0
votes

Neo4j and Cypher gurus,

I am using Neo4j, Elasticsearch and Spring Data Neo4j. I have entity nodes which are related to each other. On the relationship there is a count field which is the total number of relationships between two entities. I am using the following Cypher to bring back the top 50 relationships for a entity:

MATCH (e1:Entity)-[r1:RELATED_TO]-(e2:Entity)
WHERE e1.uuid = '<ENTITY_ID>'
RETURN e1,r1,e2
ORDER BY r1.count DESC
LIMIT 50

Now what I would like to do is visualise a time based graph for the entity by bringing back the top 50 relationships for the last week (last month etc). I am not storing time series data in Neo4j, only the total count for the relationship. The time series data is stored in an Elasticsearch index with the following format.

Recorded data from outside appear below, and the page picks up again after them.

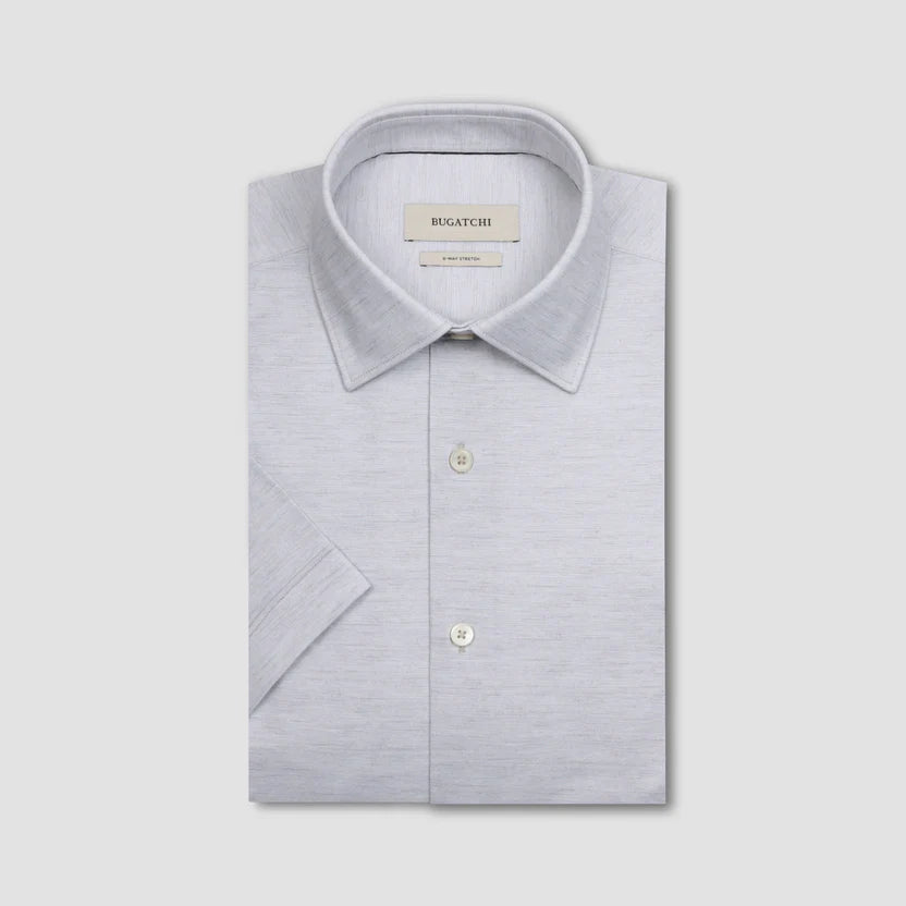 Bugatchi Miles Heathered OoohCotton SS Shirt - White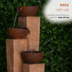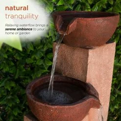 - Outdoor tiered pots fountain: rustic-inspired fountain is the perfect addition to your decor with an interior pump that keeps the water flowing – just plug it in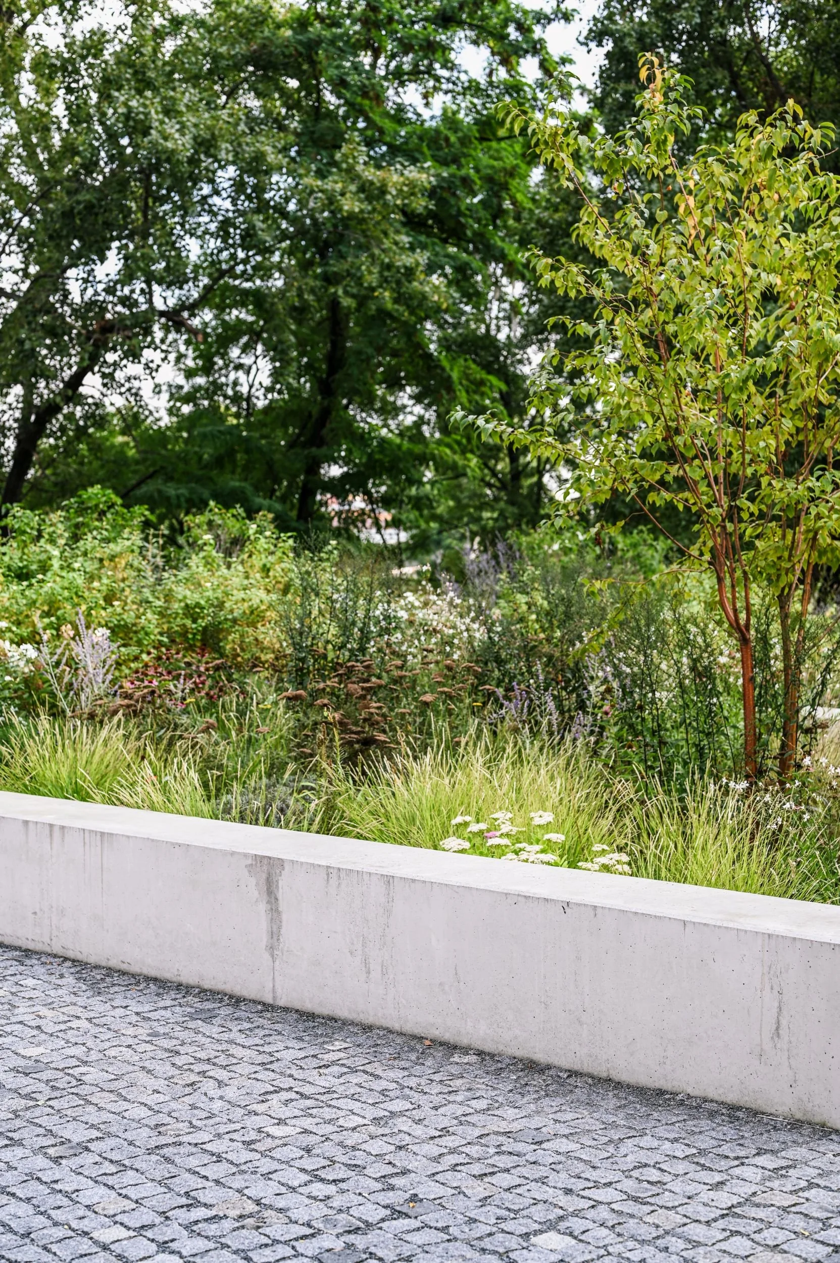 Dlažbu ze štípané žulové kostky střídají plochy mlatu, betonu a dřevěné terasy. Každý si tak přijde na své a může si najít přesně takové místo, na jaké se zrovna cítí. Malý, uzavřený, nebo naopak velký a přístupnější.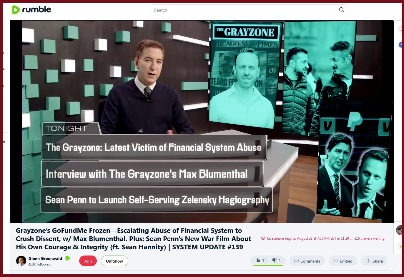“LIVE - Grayzone’s GoFundMe Frozen—Escalating Abuse of Financial System to Crush Dissent, w/ Max Blumenthal. Plus: Sean Penn's New War Film About His Own Courage & Integrity (ft. Sean Hannity) | SYSTEM UPDATE #139”

Date, entityOrRelationshipId, startId, endId, type

Each time a relationship is updated, a row is inserted into the index with the datetime, relationshipId and entityId.

The relationship count can be searched and aggregated using the following Elasticsearch query:

GET localhost:9200/trends/_search

{
    "size": 0,
    "query": {
        "bool": {
            "must": [
                {
                    "term": {
                        "type": "RELATIONSHIP"
                    }
                },
                {
                    "range": {
                        "date": {
                            "gte": "2020-04-01T00:00:00.000+00:00",
                            "lt": "2020-04-28T00:00:00.000+00:00"
                        }
                    }
                },
                {
                    "bool": {
                        "should": [
                            { "term": { "startId": "<ENTITY_ID>"} },
                            { "term": { "endId": "<ENTITY_ID>" } }
                        ]
                    }
                }
            ]
        }
    },
    "aggs": {
        "my_rels": {
            "terms": {
                "field": "entityOrRelationshipId",
                "size": 50
            }
        }
    }
} 

This produces the following results with counts (doc_count) for each relationship id for a certain date range:

{
    "took": 5,
    "timed_out": false,
    "_shards": {
        "total": 5,
        "successful": 5,
        "skipped": 0,
        "failed": 0
    },
    "hits": {
        "total": 2273,
        "max_score": 0.0,
        "hits": []
    },
    "aggregations": {
        "my_rels": {
            "doc_count_error_upper_bound": 0,
            "sum_other_doc_count": 145,
            "buckets": [
                {
                    "key": "2fa94be4-828b-4a20-b5f8-4965d5516149",
                    "doc_count": 303
                },
                {
                    "key": "74fb5f46-a6e8-41a8-bd11-cb374324b285",
                    "doc_count": 197
                },
                {
                    "key": "dc57fdcf-ea88-4808-9310-4e09d368e743",
                    "doc_count": 178
                },
                {
                    "key": "c4fbda1f-717e-4422-bc10-66ca6a6f39d7",
                    "doc_count": 79
                },
                etc.

            ]
        }
    }
}

Using the Neo4J APOC library, how would I combine the Elasticsearch count results into my Cypher query without having to store the count values in Neo4J?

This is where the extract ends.